Judging based on the fines they're passing, they're not punitive or corrective. The EU commission is just milking the cow. I think Apple, Google and others should raise a lobby to insist on an investigation into the EU commission who seems to think that their annual should be paid for by big tech through fines.

When people are affected by anti-competitive behavior, the fines levied should not be going to the EU, the money should be given to the people affected. This is not what the EU does. What they do is entirely self-serving and Apple should sue them for this behavior. At the least, they should refuse to pay the fines until the victims are identified and the money is directed towards them instead. The EU commission will have to find a better solution than 2 billion euro fines if they're forced to give the money to the people it really should go to.

Comment Why is it worth anything at all ? (Score 1) 68

I fail to see why people want to buy it in the first place. Yes: there is a certain value in rarity ... but so what, are people just betting that some mugs in the future will be willing to spend even more real currency on it and that they will be able to cash out ?

Maybe I just have the wrong mindset - I have never been interesting in gambling.

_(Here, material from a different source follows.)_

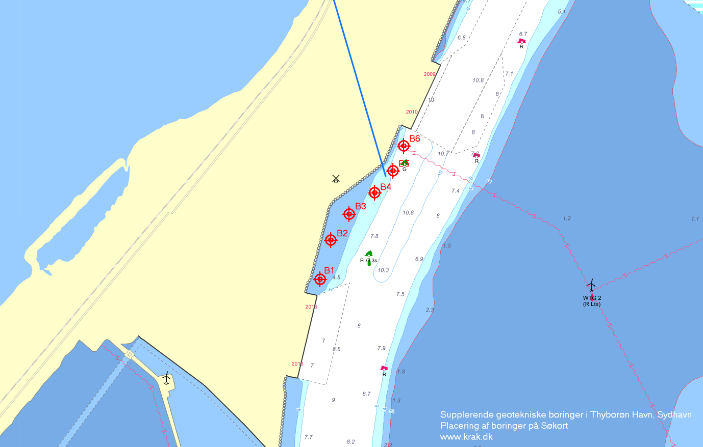 Da Thyborøn Havn skal udvide Sydhavnen, skal der i den forbindelse udføres supplerende boringer i området og der skal i alt laves seks boringer på vand til kote -24. Boringerne udføres fra borerig på flåde med Jack-up. Varigheden af de geotekniske boringer anslås til en uge. Boringerne forventes at blive udført i perioden 15. august til 15. september 2024. Anlægsarbejdet udføres i tidsrummet 07-18.

Comment Re:No real surprise here (Score 2) 90

When there are severe power grid problems in Texas... so severe that one of their senators had to flee the state to Cancun to stay cool during a severe and prolonged outage, it's time to identify the problems and fix them and to tax appropriately. If there's an industry straining an over subscribed grid, the government should be able to regulate their grid usage.

Before you attack the idea that this is a state and non federal issue. The grid is interconnected through multiple states and does impact other parts of the country that Texas does not unilaterally have the right to make decisions for. Texas should either bear the cost of upgrading the grid to support the burdens placed on it by the greatest consumers, or the federal government should require the miners to bear the burden. Either way, there is a problem, it needs to be fixed, and while it may be politically motivated, it doesn't mean it's not a problem.